And so might the rest of the biologists.  They can use the data to direct
their experiments more effectively.  If they are afraid of math and computers
(is that your problem?? :-) then there are plenty of theoretical-types whom
they can team up with.

>>  avoid the terrible biases that we
>> currently have in the GenBank database.
>I'm sorry, but this does not seem like a terribly important
>problem.  GenBank is skewed.  Big deal.  It gets the job done.
>We find genes, we miss some stuff.  Science slops along and
>we still find those self-splicing introns and centromeres and
>other cool things.  Without the sequence of the human genome.
>And with many people happily employed (for now) producing 
>gobs of worthwhile data. 

The problem is here, and getting worse.  You apparently haven't tried
to make a consistent dataset from the data in GenBank.  It's a tough job!
The point about the genome project is that we don't need to miss anything
anymore.  You seem to have the idea that some genes are not important,
and that 'junk' DNA exists in the genome.  Consider that this merely
is a way for you to express to the rest of us how ignorant you are.
(We are also, but we admit it.  Do you admit that you are ignorant?)

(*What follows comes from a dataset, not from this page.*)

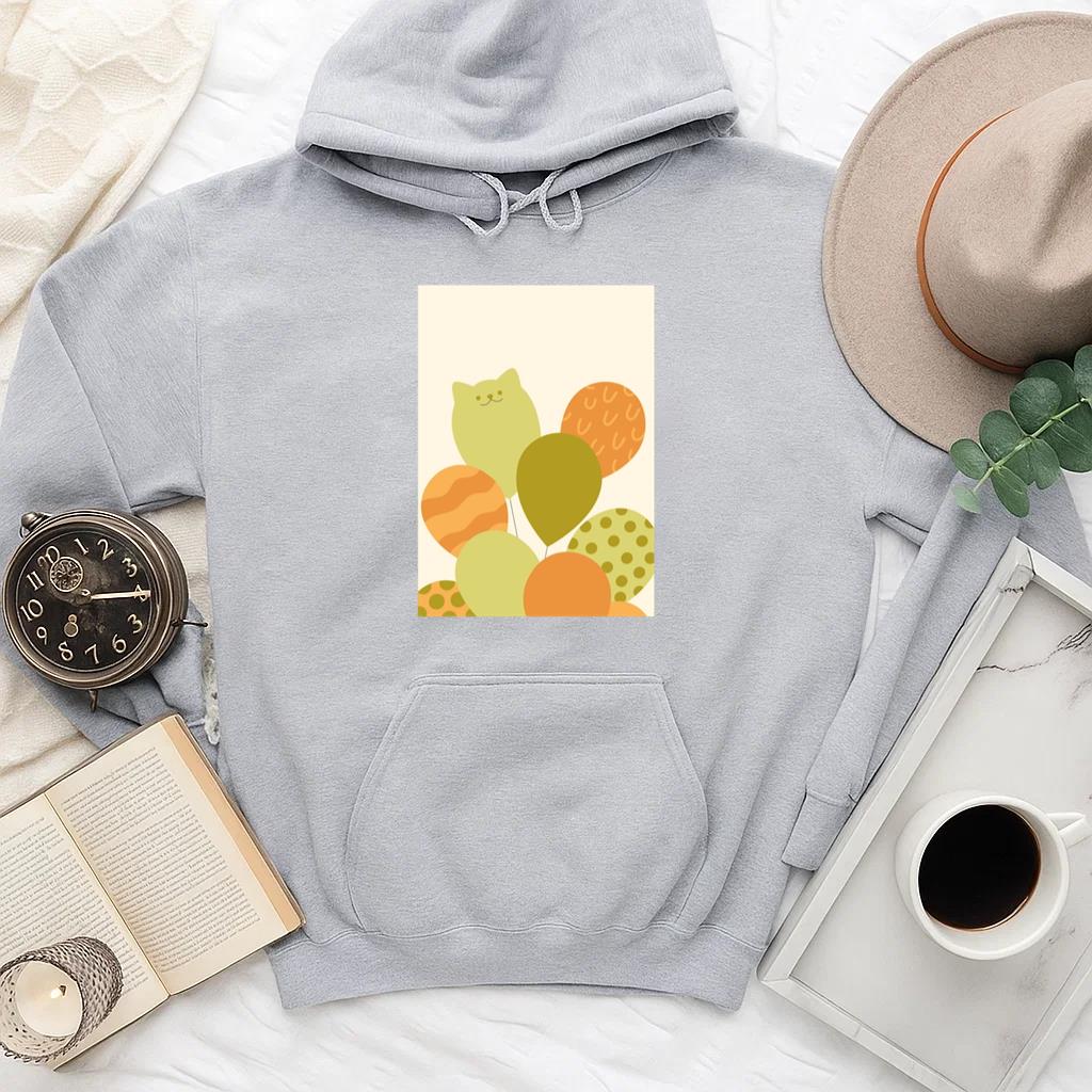 The Cute Cat Balloon Design Hoodie hoodie combines comfort warmth and style for a go anywhere piece that works in any season. Soft inside and durable outside it is perfect for layering or lounging

>I mean, what's a good example of what we have missed?  We know 
>the Shine/Dalgarno sequences.

Well, you missed the other statistically important features that were
discovered by looking at the sites more carefully.  See:

author = "L. Gold
 and D. Pribnow
 and T. Schneider
 and S. Shinedling
 and B. S. Singer
 and G. Stormo",
title = "Translational initiation in prokaryotes.",
year = "1981",
journal = "Annu. Rev. Microbiol.",
volume = "35",
pages = "365-403"}

author = "G. D. Stormo
 and T. D. Schneider
 and L. M. Gold",
title = "Characterization of translational initiation sites
in {{E. coli.}}",
year = "1982",
journal = "Nucl. Acids Res.",
volume = "10",
pages = "2971-2996"}

author = "T. D. Schneider
 and G. D. Stormo
 and L. Gold
 and A. Ehrenfeucht",
title = "Information content of binding sites on nucleotide
year = "1986",
journal = "J. Mol. Biol.",
volume = "188",
pages = "415-431"}

> We have learned far more from 
>mutation than we would by sequencing a bacterial genome (note:  
>sequencing the Coli genome is indeed a cool thing to do). 

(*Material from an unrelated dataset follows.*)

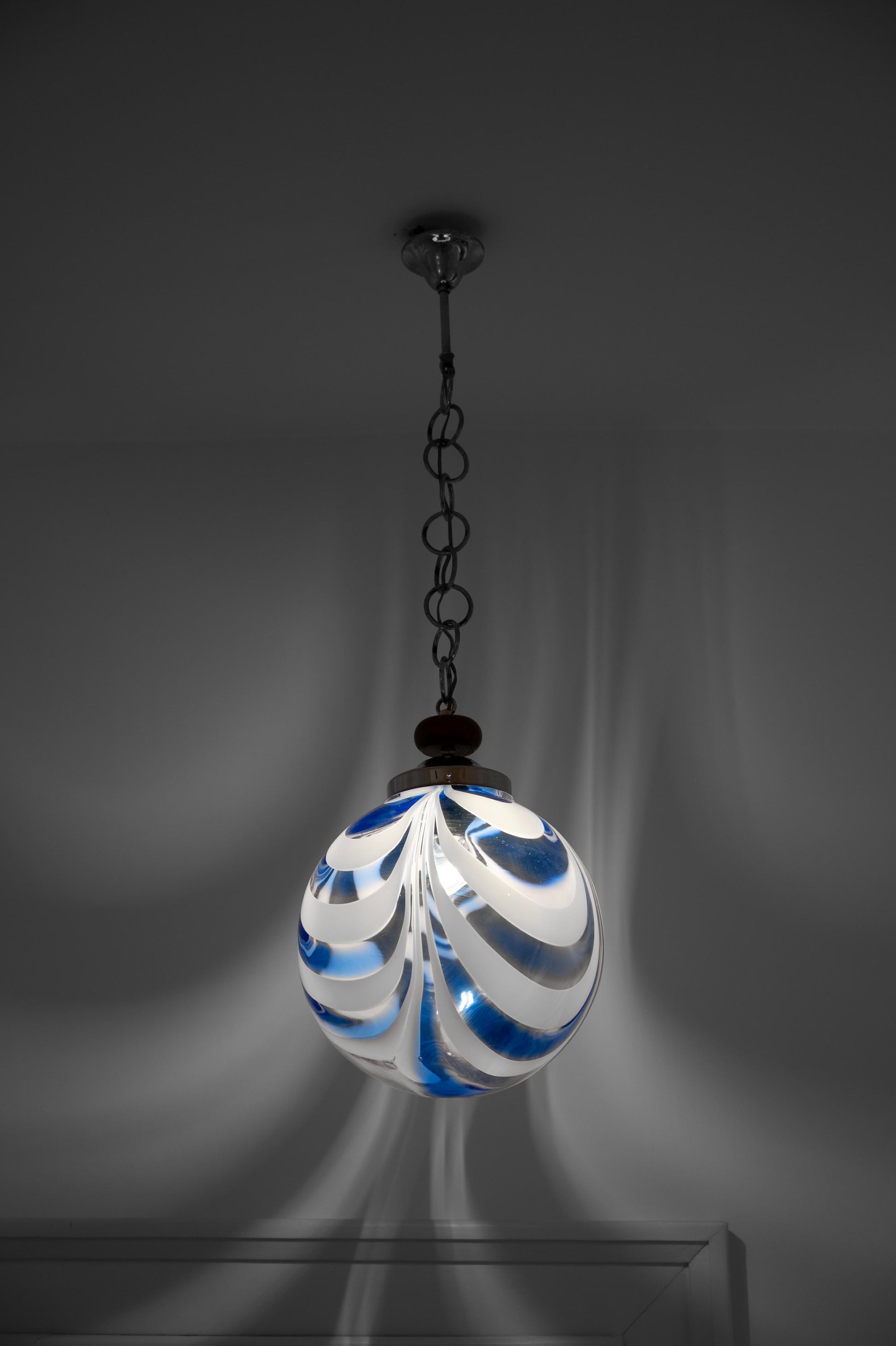 Lustr ve stylu Space Age z ručně foukaného muránského skla s jemným přelivem bílé, modré a čiré barvy. Připisuje se italské sklářské značce Mazzega, přibližně ze 70. let.

This is a completely flip statement, with no foundation since you didn't
quantitate your answer and the experiment has not been done.  (But I do agree
that getting that sequence will be cool.)  Genetics is certainly a powerful way
to approach biological problems.  But once one has defined a biolgically
interesting system, direct methods can produce answers that would be difficult
if not impossible to get by genetics.  For example, the sequence of a gene, or
exactly what bases are important for a promoter to function.  See:

author = "T. D. Schneider
 and G. D. Stormo",
title = "Excess Information at Bacteriophage {T7} Genomic Promoters
Detected by a Random Cloning Technique",
year = "1989",
journal = "Nucl. Acids Res.",
volume = "17",
pages = "659-674"}

>And will the "insides of introns" generate data for 2 PNAS papers and 
>a TIBS review,

yes.  The work of Andrez Konopka is an example you seem to have missed.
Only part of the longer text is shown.